GIVEN DATA.
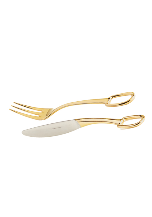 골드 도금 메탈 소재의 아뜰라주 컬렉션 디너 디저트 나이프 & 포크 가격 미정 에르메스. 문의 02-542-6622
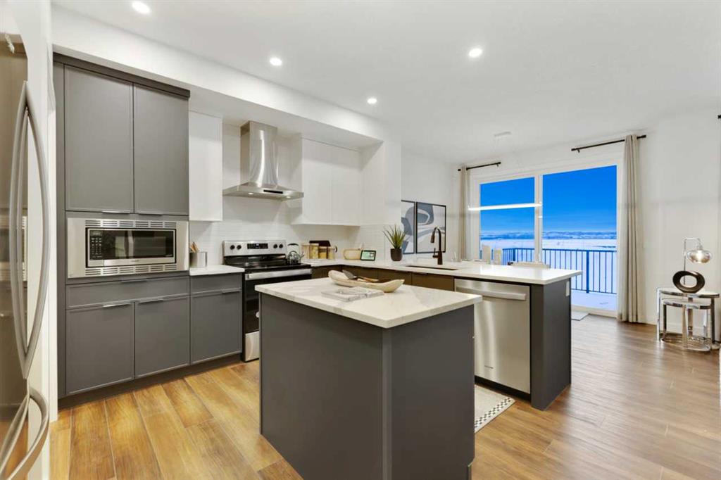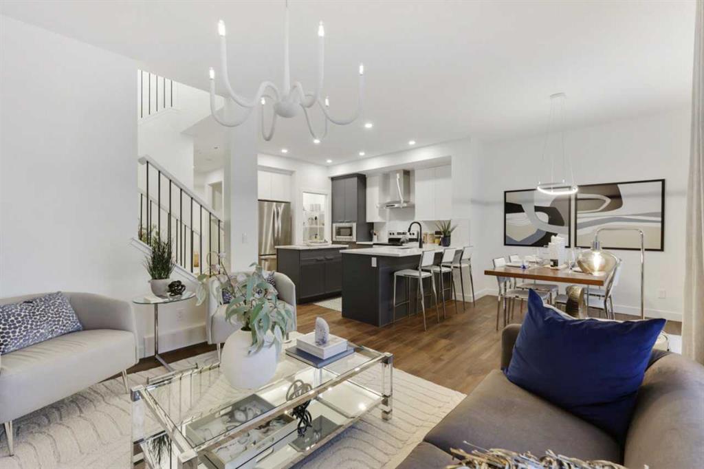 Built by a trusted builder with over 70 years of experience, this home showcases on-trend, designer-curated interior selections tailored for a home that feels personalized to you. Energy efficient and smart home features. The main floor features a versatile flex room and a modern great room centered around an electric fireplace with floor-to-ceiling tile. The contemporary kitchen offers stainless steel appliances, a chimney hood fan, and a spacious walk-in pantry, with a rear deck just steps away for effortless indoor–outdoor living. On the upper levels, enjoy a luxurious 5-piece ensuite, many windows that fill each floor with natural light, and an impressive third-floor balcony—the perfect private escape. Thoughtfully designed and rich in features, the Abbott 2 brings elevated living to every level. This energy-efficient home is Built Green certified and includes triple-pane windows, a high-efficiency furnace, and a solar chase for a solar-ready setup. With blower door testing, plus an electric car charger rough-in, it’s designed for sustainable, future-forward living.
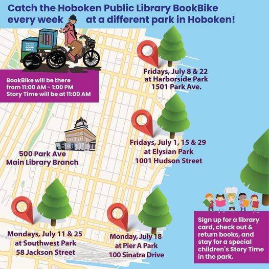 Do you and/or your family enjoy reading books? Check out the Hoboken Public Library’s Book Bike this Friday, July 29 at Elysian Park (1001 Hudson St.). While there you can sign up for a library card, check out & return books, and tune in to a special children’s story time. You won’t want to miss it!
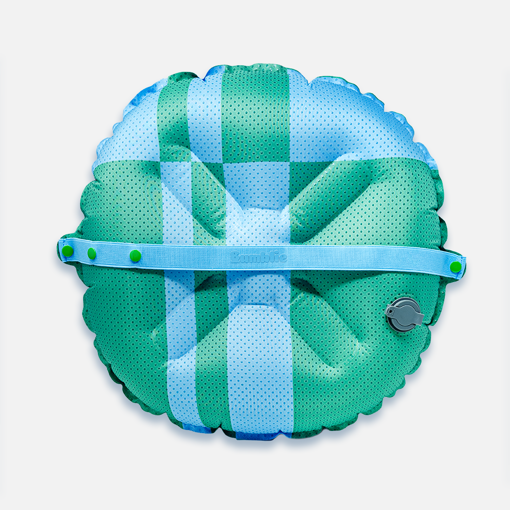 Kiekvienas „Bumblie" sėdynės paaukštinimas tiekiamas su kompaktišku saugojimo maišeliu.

WHAT THE TASK REQUIRES.
From the line that holds "Do you and/or" to the last line of the data, return those lines exactly and nothing else; both ends count, and pictures stay out.

RESPONSE TO THE TASK.
 Do you and/or your family enjoy reading books? Check out the Hoboken Public Library’s Book Bike this Friday, July 29 at Elysian Park (1001 Hudson St.). While there you can sign up for a library card, check out & return books, and tune in to a special children’s story time. You won’t want to miss it!
 Kiekvienas „Bumblie" sėdynės paaukštinimas tiekiamas su kompaktišku saugojimo maišeliu.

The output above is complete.